:: REQUIRED ACTION ::
Look below for the line with "Gorgeous glass top"; begin the copy there and stop after the line with "数据也显示国米是欧洲五大联赛", keeping the text exact and the pictures out.

:: DATA PROVIDED ::
_ _ _ _ _
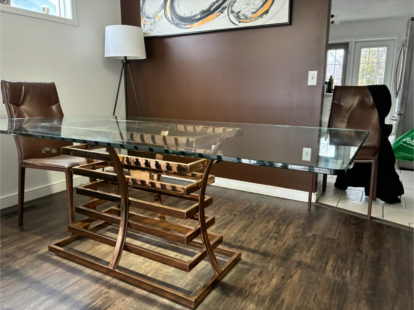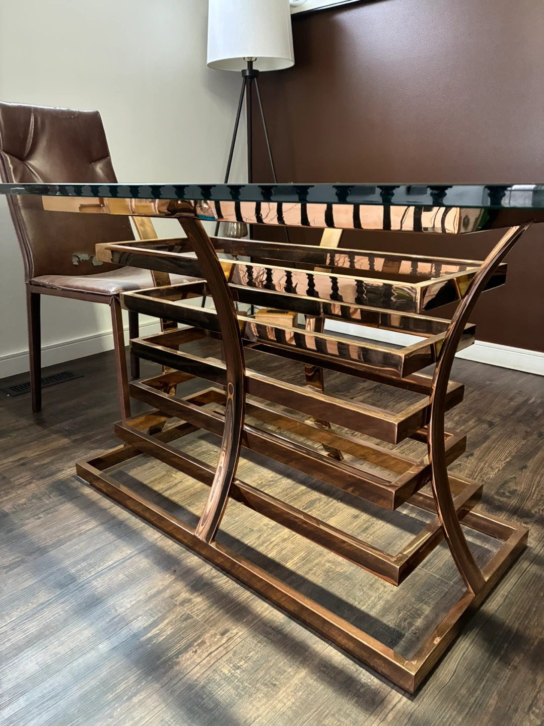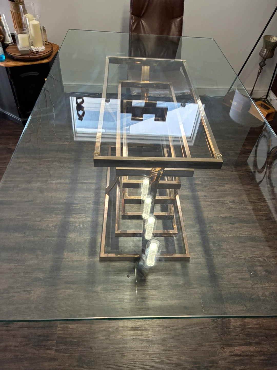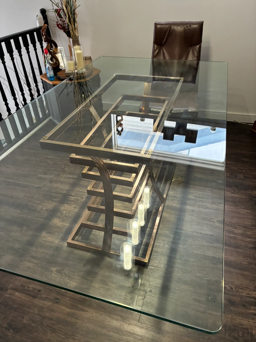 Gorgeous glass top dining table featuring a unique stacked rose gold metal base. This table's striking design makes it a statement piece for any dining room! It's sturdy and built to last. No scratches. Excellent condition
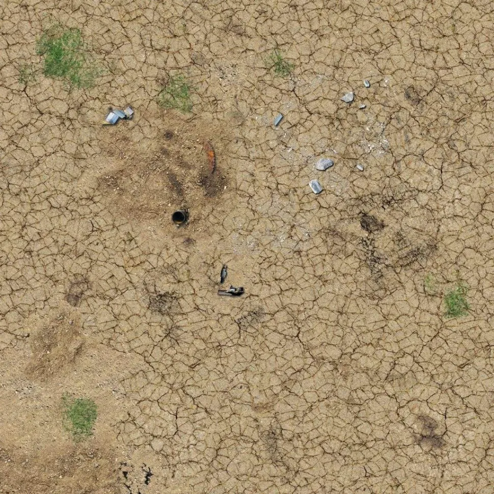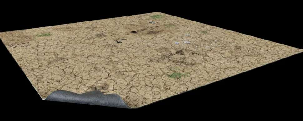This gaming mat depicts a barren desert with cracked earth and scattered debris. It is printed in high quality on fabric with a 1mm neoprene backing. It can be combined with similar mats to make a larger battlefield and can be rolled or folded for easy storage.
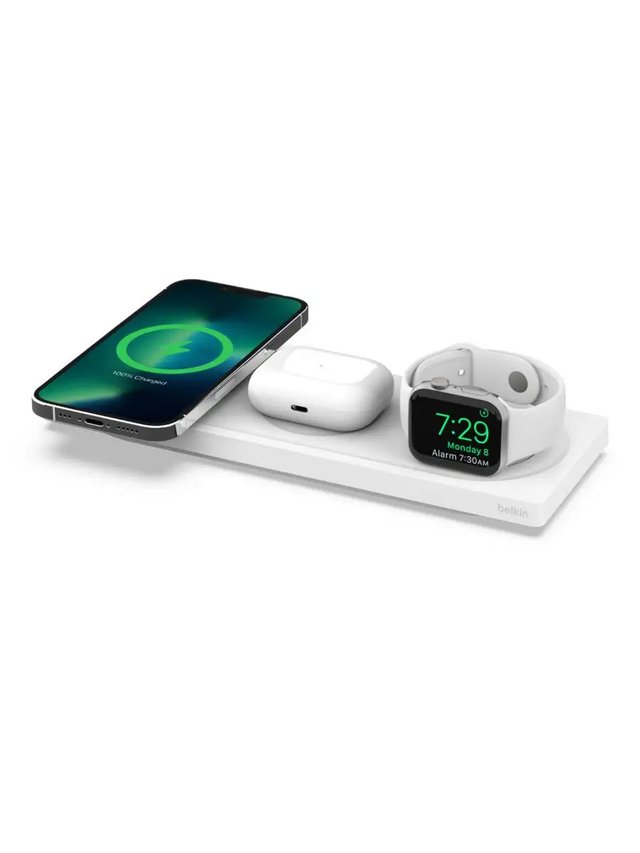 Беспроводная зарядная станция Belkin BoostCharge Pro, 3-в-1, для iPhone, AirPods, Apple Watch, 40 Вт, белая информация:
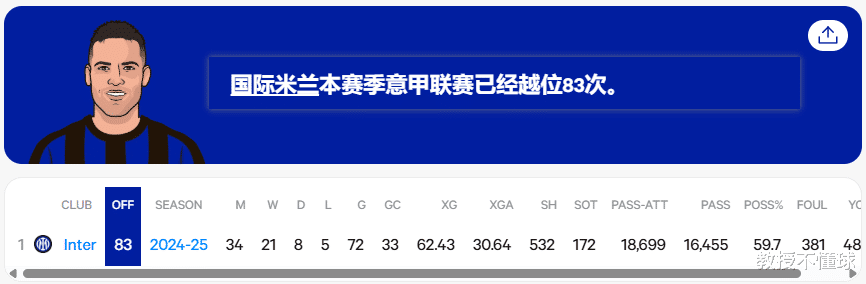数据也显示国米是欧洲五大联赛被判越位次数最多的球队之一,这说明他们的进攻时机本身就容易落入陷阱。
_ _ _ _ _
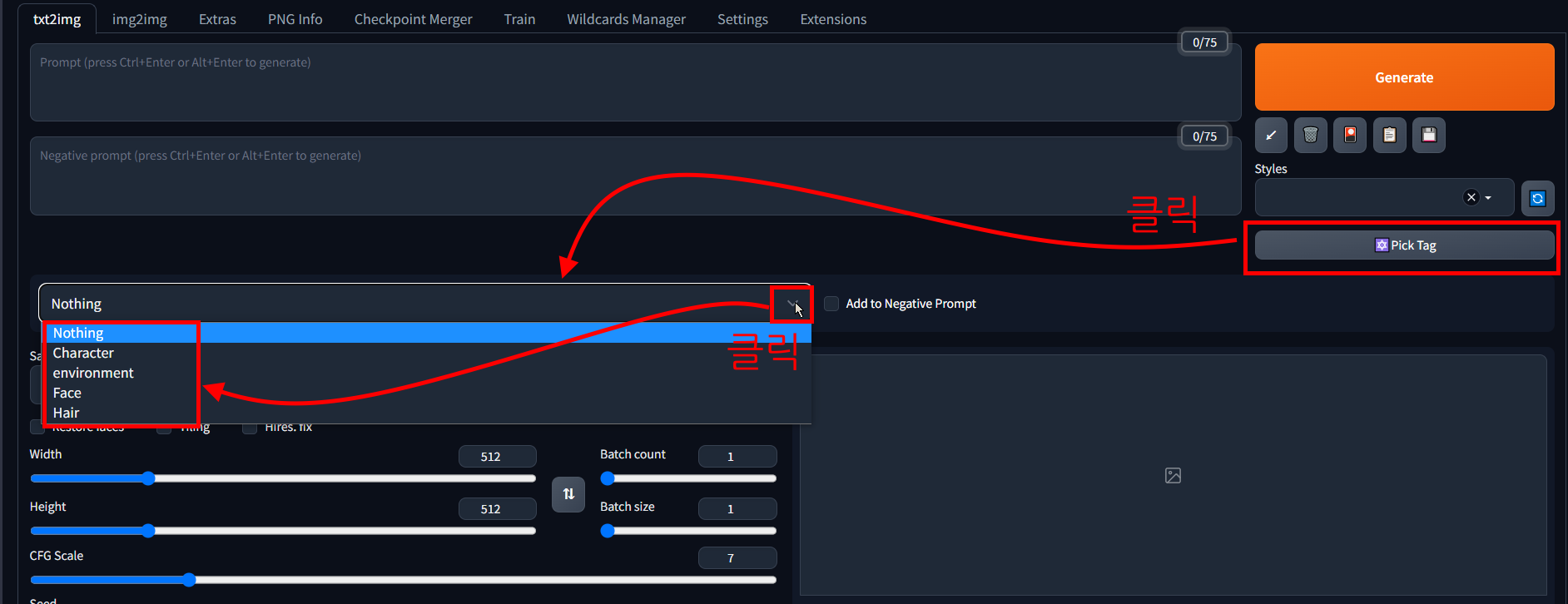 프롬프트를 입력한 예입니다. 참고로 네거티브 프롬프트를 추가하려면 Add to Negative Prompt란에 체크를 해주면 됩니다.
_ _ _ _ _
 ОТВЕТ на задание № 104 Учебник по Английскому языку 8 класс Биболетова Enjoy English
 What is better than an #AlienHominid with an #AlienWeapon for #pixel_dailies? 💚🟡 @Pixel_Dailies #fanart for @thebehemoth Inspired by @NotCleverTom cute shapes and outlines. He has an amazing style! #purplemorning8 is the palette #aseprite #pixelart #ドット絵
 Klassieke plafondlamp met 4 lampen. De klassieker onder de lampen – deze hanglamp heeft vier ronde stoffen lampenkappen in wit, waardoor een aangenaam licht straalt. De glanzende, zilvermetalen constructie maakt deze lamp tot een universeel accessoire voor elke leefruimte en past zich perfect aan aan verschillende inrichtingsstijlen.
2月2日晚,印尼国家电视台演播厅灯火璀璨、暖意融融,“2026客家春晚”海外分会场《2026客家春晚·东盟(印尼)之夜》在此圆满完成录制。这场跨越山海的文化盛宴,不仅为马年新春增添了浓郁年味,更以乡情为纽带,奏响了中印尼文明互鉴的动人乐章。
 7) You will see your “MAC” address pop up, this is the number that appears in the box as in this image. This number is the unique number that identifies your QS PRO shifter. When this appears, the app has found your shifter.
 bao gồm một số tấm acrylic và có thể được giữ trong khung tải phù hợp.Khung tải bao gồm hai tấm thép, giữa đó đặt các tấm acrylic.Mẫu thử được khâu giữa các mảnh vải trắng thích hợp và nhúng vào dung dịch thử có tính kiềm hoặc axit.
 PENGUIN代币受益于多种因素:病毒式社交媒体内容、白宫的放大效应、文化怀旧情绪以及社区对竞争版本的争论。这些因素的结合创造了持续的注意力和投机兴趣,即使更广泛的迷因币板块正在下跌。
_ _ _ _ _
:: YOUR RESPONSE ::
 Gorgeous glass top dining table featuring a unique stacked rose gold metal base. This table's striking design makes it a statement piece for any dining room! It's sturdy and built to last. No scratches. Excellent condition
This gaming mat depicts a barren desert with cracked earth and scattered debris. It is printed in high quality on fabric with a 1mm neoprene backing. It can be combined with similar mats to make a larger battlefield and can be rolled or folded for easy storage.
 Беспроводная зарядная станция Belkin BoostCharge Pro, 3-в-1, для iPhone, AirPods, Apple Watch, 40 Вт, белая информация:
数据也显示国米是欧洲五大联赛被判越位次数最多的球队之一,这说明他们的进攻时机本身就容易落入陷阱。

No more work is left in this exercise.